| Your instructions |
From the first line to the last, write out the records exactly, leaving out images.

*** Begin section ***

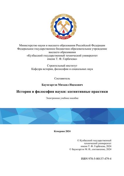 История и философия науки: когнитивные практики : учебное пособие для аспирантов и соискателей всех направлений и специальностей всех форм обучения / составители М. И. Баумгартэн. — Кемерово : Кузбасский государственный технический университет имени Т.Ф. Горбачева, 2024. — 170 c. — ISBN 978-5-00137-479-4. — Текст : электронный // Цифровой образовательный ресурс IPR SMART : [сайт]. — URL: https://www.iprbookshop.ru/148660.html (дата обращения: 04.03.2025). — Режим доступа: для авторизир. пользователей
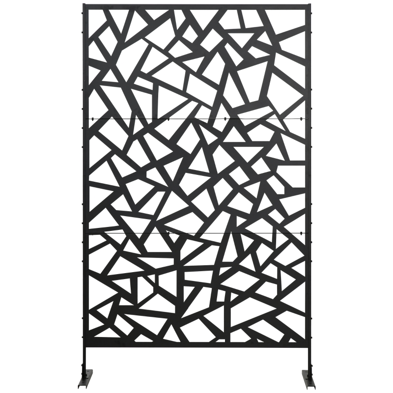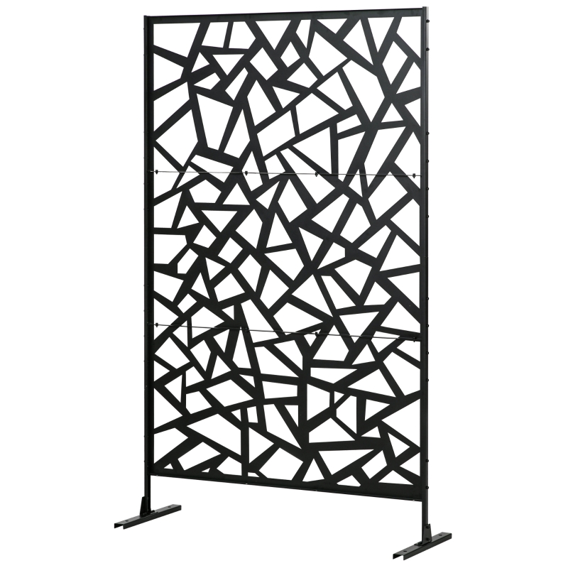 198 x 122cm freestanding garden screen: Use this divider in your outdoor spaces to create privacy – whenever and wherever you want. Your own personal paradise instantly. || Cut-out irregular figure motifs: Pretty look for this metal garden screen – perfectly apt for garden surroundings. Cut-out parts allow light to gently seep through. || Two wide feet: This garden divider screen stands balanced and steady. Recommended to add weights too for safety. Four expansion screws included. || Steel structure: This garden partition screen is tough, with a painted coating for extra protection. || Dimensions: 198H x 122L x 45Wcm. Single panel: 60 x 120cm. Assembly required.
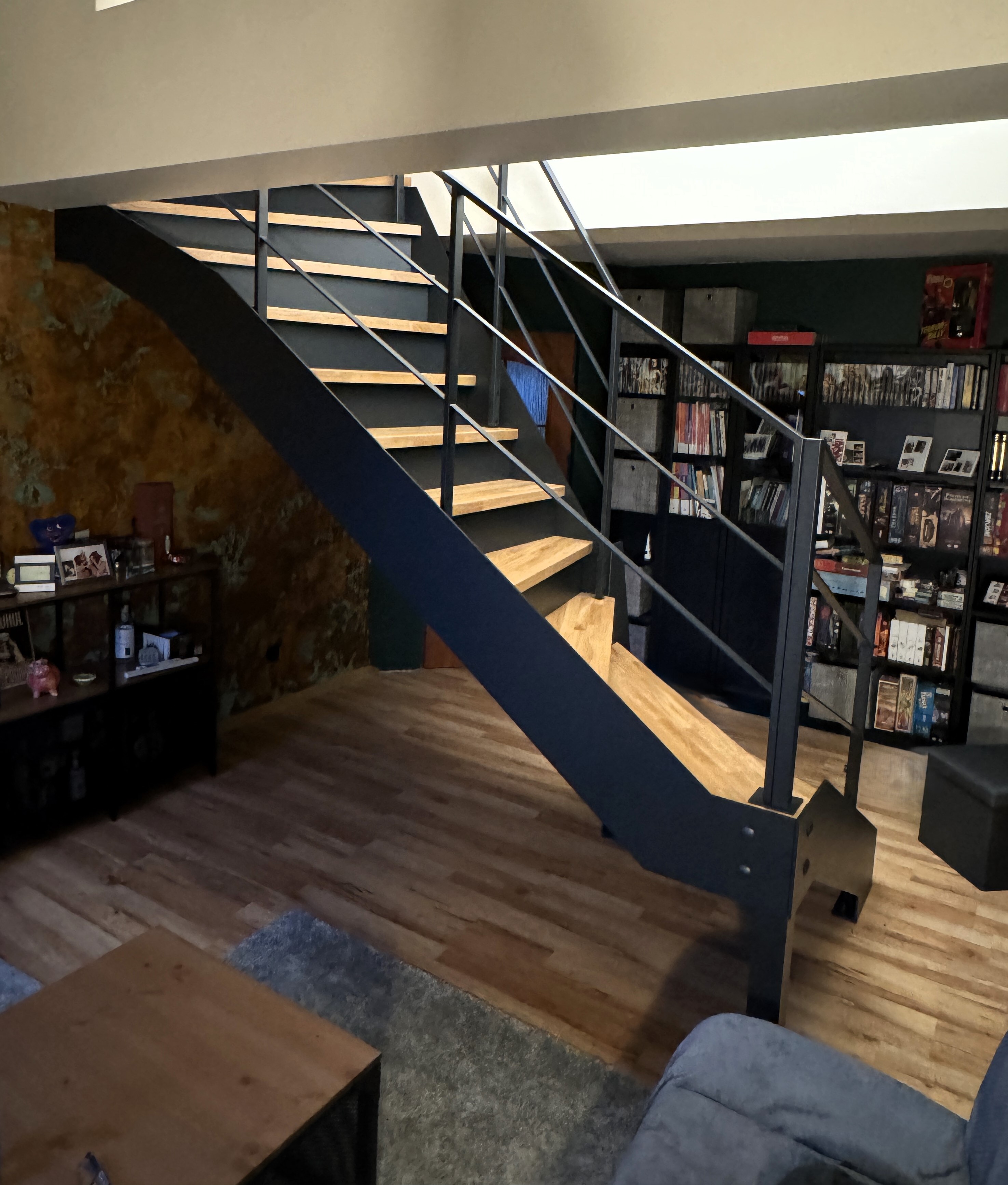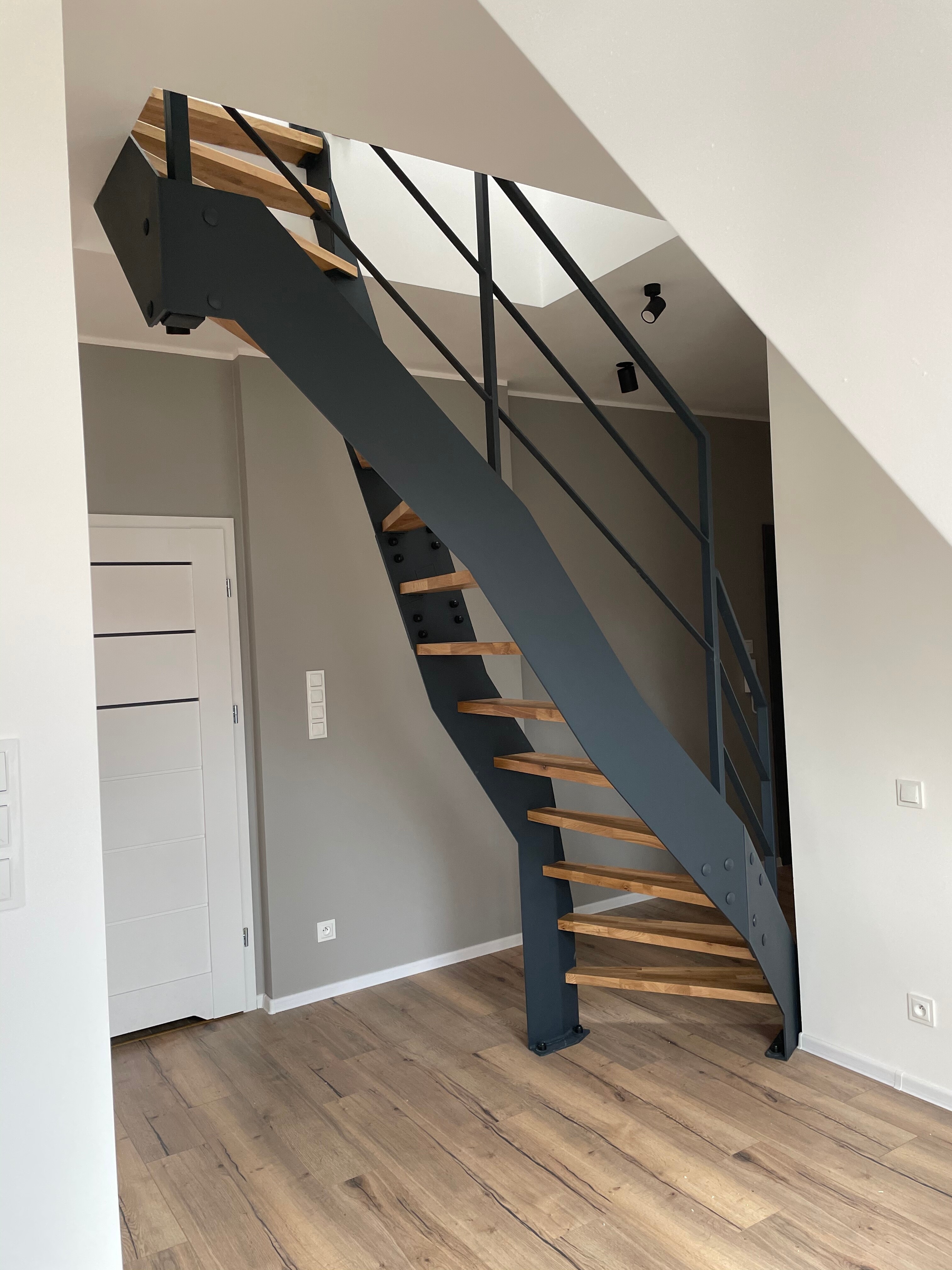 Schody policzkowe, składają się z dwóch bocznych elementów konstrukcyjnych z blachy wycinanej metodą laserową, pomiędzy nimi mocowane są stopnie.
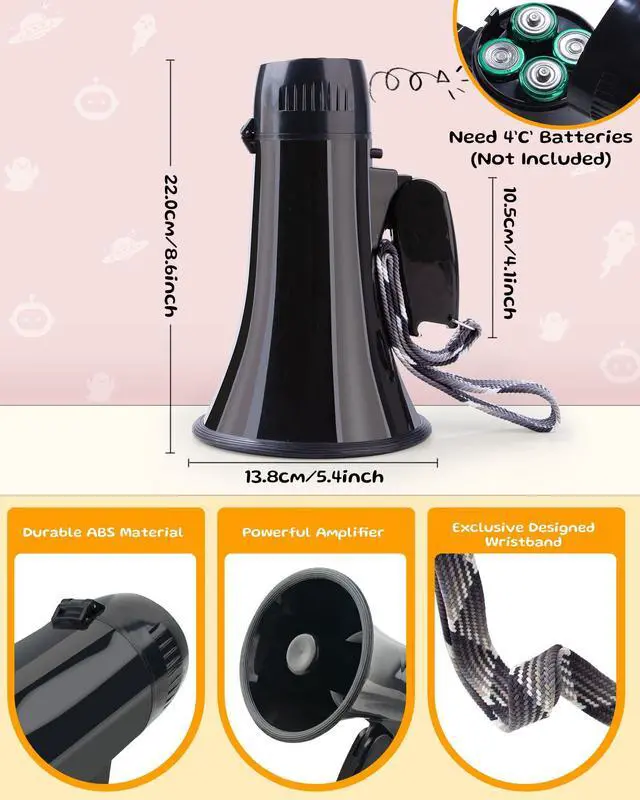 Please Note: This megaphone can capture your voice more effectively when you approach it by about 5cm(2in). Require 4 Pcs C Batteries(Not Included)
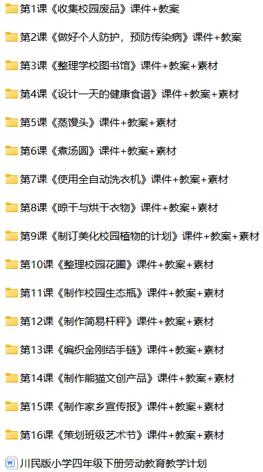 【电子版】2026春 川民版小学四年级劳动教育下册 核心素养教案+课件+计划(全套下载) 可编辑打印
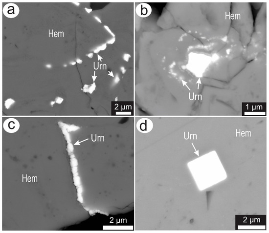 BSE images showing the distribution of uraninite (Urn) within hematite. (a,b) Dense concentrations of uraninite within hematite (Hem). (c) Uraninite micro-veinlet within hematite. (d) Micro-inclusion of uraninite with cubic cross-section within hematite.
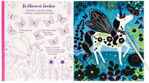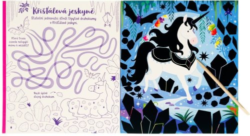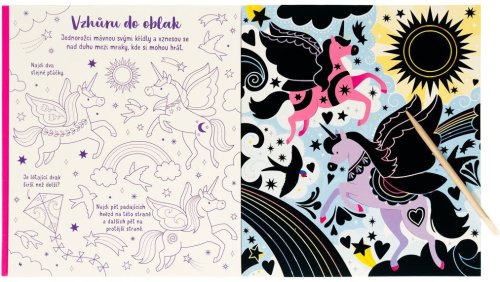 Použij dřevěné škrabátko, pomocí kterého odhalíš barevné obrázky s kouzelnými jednorožci a můžeš se i umělecky vyjádřit. Užij si také spoustu zábavy s hádankami a úkoly. Hledej rozdíly, pomoz netopýří mámě najít cestu k jejímu mláděti nebo najdi jednorožčí královnu. Pokud v některých aktivitách tápeš, na konci knížky nalezneš správné odpovědi. Procvič si jemnou motoriku, koordinaci oka a ruky a popusť uzdu své fantazii.
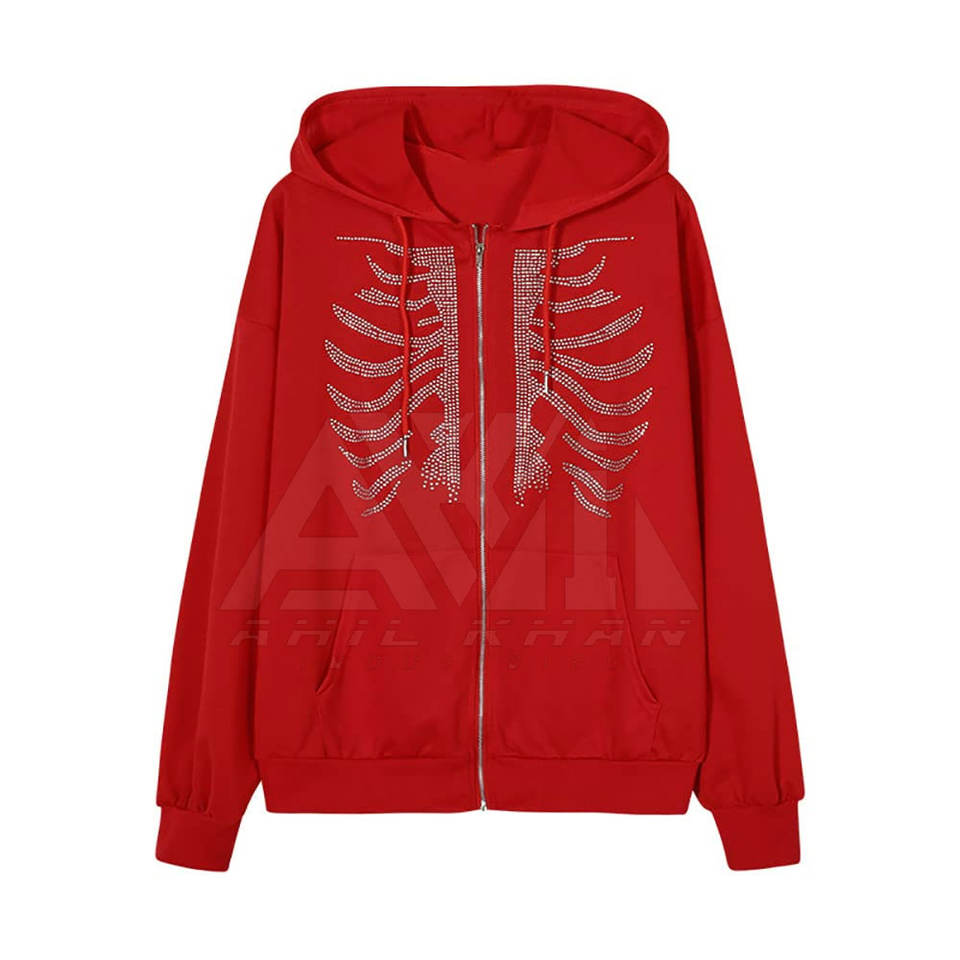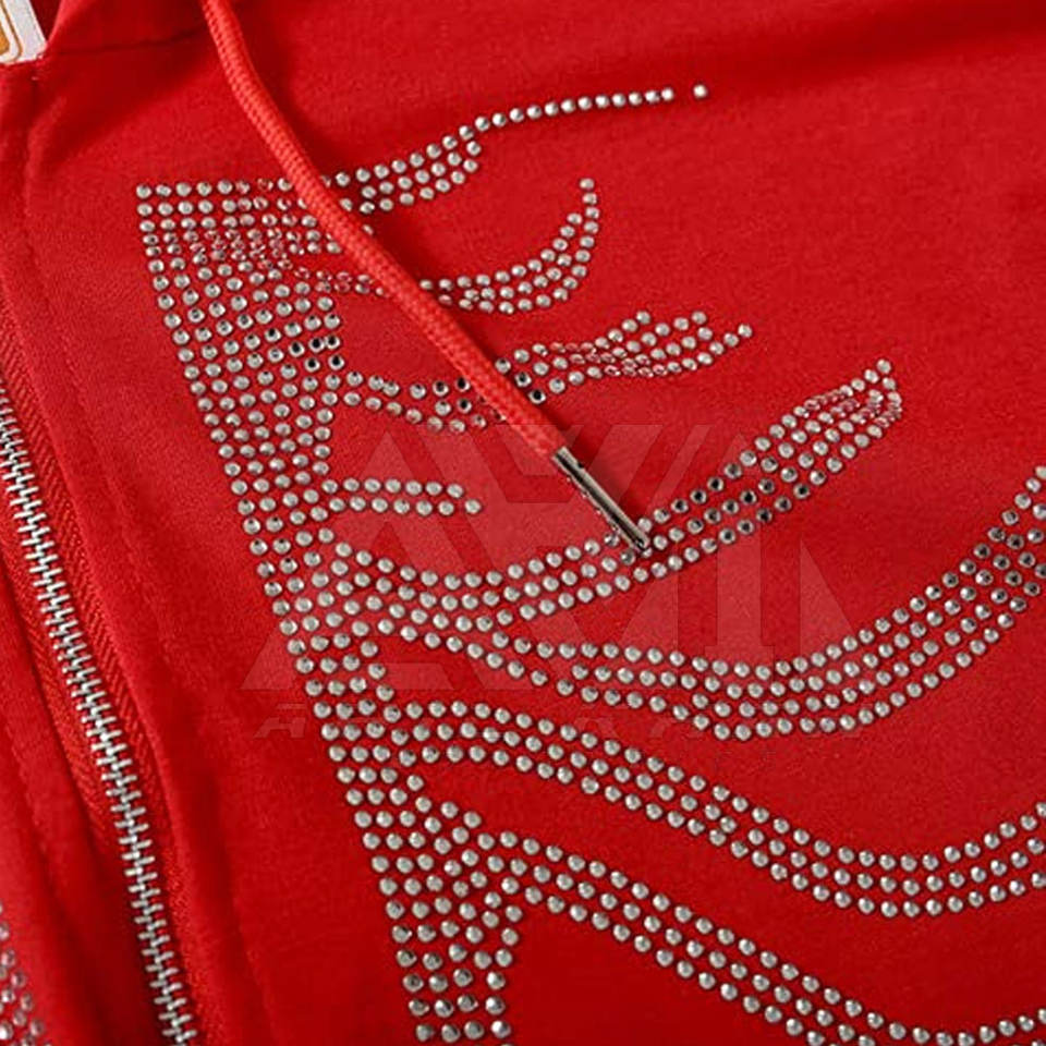 Sweat à capuche personnalisé OEM avec strass, design streetwear en cristal, fabricant en gros
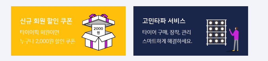 타이어픽 회원이 아니시라면 지금 신규가입을 통해 추가 할인쿠폰을 받을 수 있는데요, 현재 진행 중인 이벤트와 중복으로 사용 가능합니다. 또한 타이어 장착과 배송비 무료는 기본 30일 무상교환 서비스와 각종 정비 할인 제공까지 주어져 별다른 번러고움 없이 타이어 교체가 가능합니다.
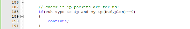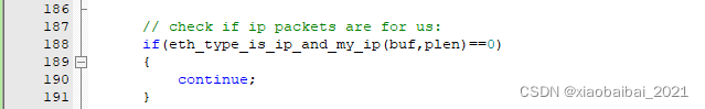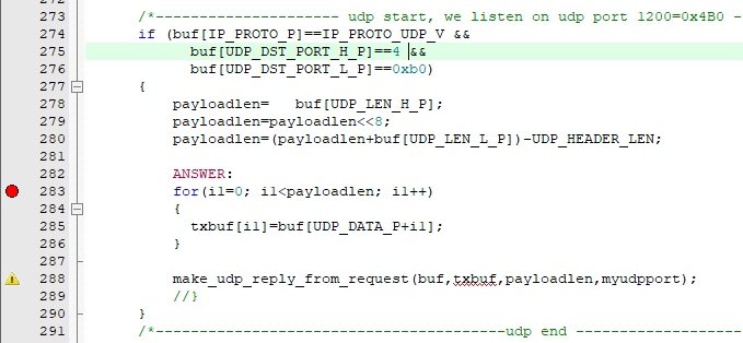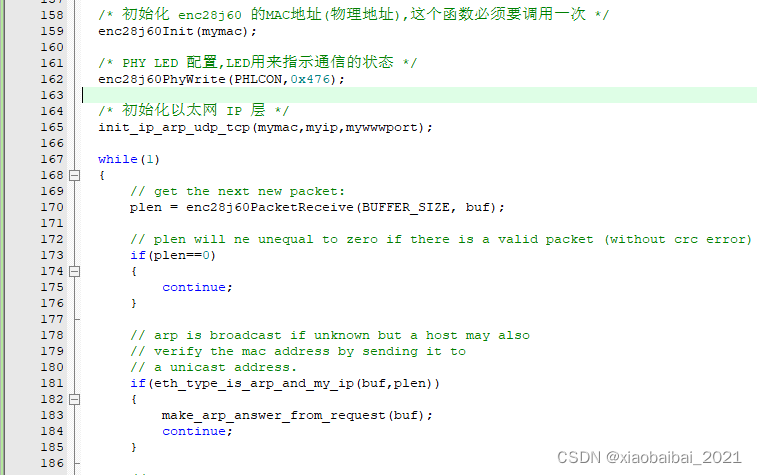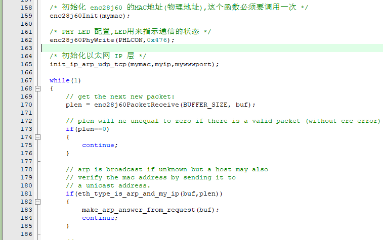先设置MAC地址、IP地址,然后进入while(1)循环,在循环中判断enc28j60是否收到数据,如果收到,则通过下面的几个if去判断收到的是什么类型的数据,再对应处理。
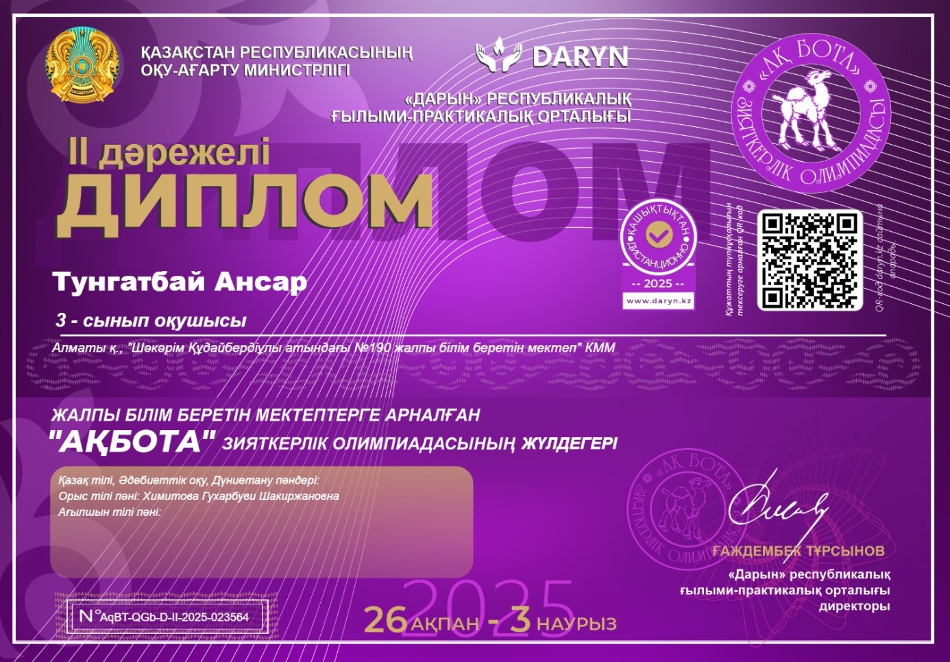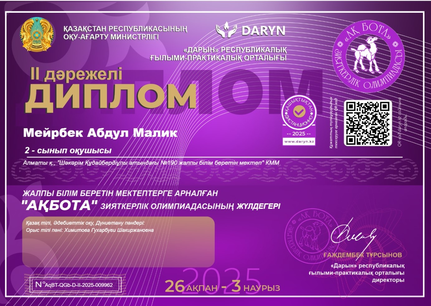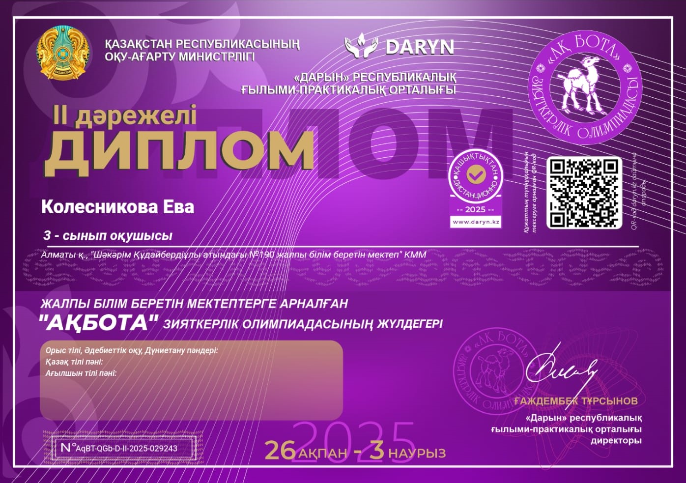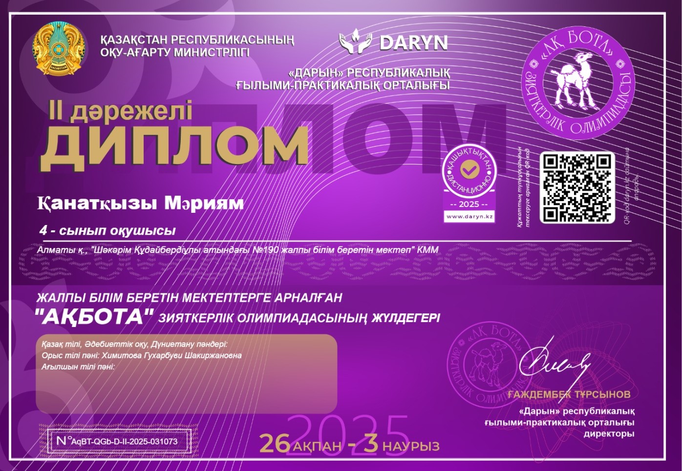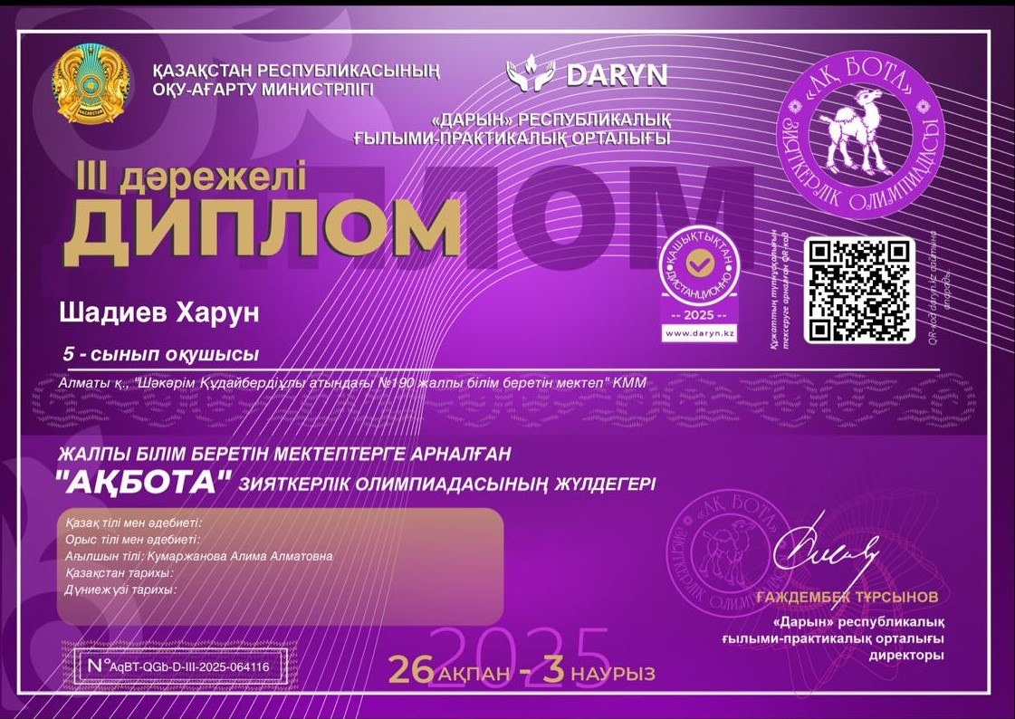 Республикалық "Математика-ғылымдар патшасы" Блиц-турнирінің 3-орын жеңілпазы "Ш.Құдайбердіұлы атындағы №190 ЖББМ" КММ математика-пәні мұғалімі Бекен Сандуғаш марапатталды.

*** End section ***

| Your response |
 История и философия науки: когнитивные практики : учебное пособие для аспирантов и соискателей всех направлений и специальностей всех форм обучения / составители М. И. Баумгартэн. — Кемерово : Кузбасский государственный технический университет имени Т.Ф. Горбачева, 2024. — 170 c. — ISBN 978-5-00137-479-4. — Текст : электронный // Цифровой образовательный ресурс IPR SMART : [сайт]. — URL: https://www.iprbookshop.ru/148660.html (дата обращения: 04.03.2025). — Режим доступа: для авторизир. пользователей
 198 x 122cm freestanding garden screen: Use this divider in your outdoor spaces to create privacy – whenever and wherever you want. Your own personal paradise instantly. || Cut-out irregular figure motifs: Pretty look for this metal garden screen – perfectly apt for garden surroundings. Cut-out parts allow light to gently seep through. || Two wide feet: This garden divider screen stands balanced and steady. Recommended to add weights too for safety. Four expansion screws included. || Steel structure: This garden partition screen is tough, with a painted coating for extra protection. || Dimensions: 198H x 122L x 45Wcm. Single panel: 60 x 120cm. Assembly required.
 Schody policzkowe, składają się z dwóch bocznych elementów konstrukcyjnych z blachy wycinanej metodą laserową, pomiędzy nimi mocowane są stopnie.
 Please Note: This megaphone can capture your voice more effectively when you approach it by about 5cm(2in). Require 4 Pcs C Batteries(Not Included)
 【电子版】2026春 川民版小学四年级劳动教育下册 核心素养教案+课件+计划(全套下载) 可编辑打印
 BSE images showing the distribution of uraninite (Urn) within hematite. (a,b) Dense concentrations of uraninite within hematite (Hem). (c) Uraninite micro-veinlet within hematite. (d) Micro-inclusion of uraninite with cubic cross-section within hematite.
 Použij dřevěné škrabátko, pomocí kterého odhalíš barevné obrázky s kouzelnými jednorožci a můžeš se i umělecky vyjádřit. Užij si také spoustu zábavy s hádankami a úkoly. Hledej rozdíly, pomoz netopýří mámě najít cestu k jejímu mláděti nebo najdi jednorožčí královnu. Pokud v některých aktivitách tápeš, na konci knížky nalezneš správné odpovědi. Procvič si jemnou motoriku, koordinaci oka a ruky a popusť uzdu své fantazii.
 Sweat à capuche personnalisé OEM avec strass, design streetwear en cristal, fabricant en gros
 타이어픽 회원이 아니시라면 지금 신규가입을 통해 추가 할인쿠폰을 받을 수 있는데요, 현재 진행 중인 이벤트와 중복으로 사용 가능합니다. 또한 타이어 장착과 배송비 무료는 기본 30일 무상교환 서비스와 각종 정비 할인 제공까지 주어져 별다른 번러고움 없이 타이어 교체가 가능합니다.
先设置MAC地址、IP地址,然后进入while(1)循环,在循环中判断enc28j60是否收到数据,如果收到,则通过下面的几个if去判断收到的是什么类型的数据,再对应处理。
 Республикалық "Математика-ғылымдар патшасы" Блиц-турнирінің 3-орын жеңілпазы "Ш.Құдайбердіұлы атындағы №190 ЖББМ" КММ математика-пәні мұғалімі Бекен Сандуғаш марапатталды.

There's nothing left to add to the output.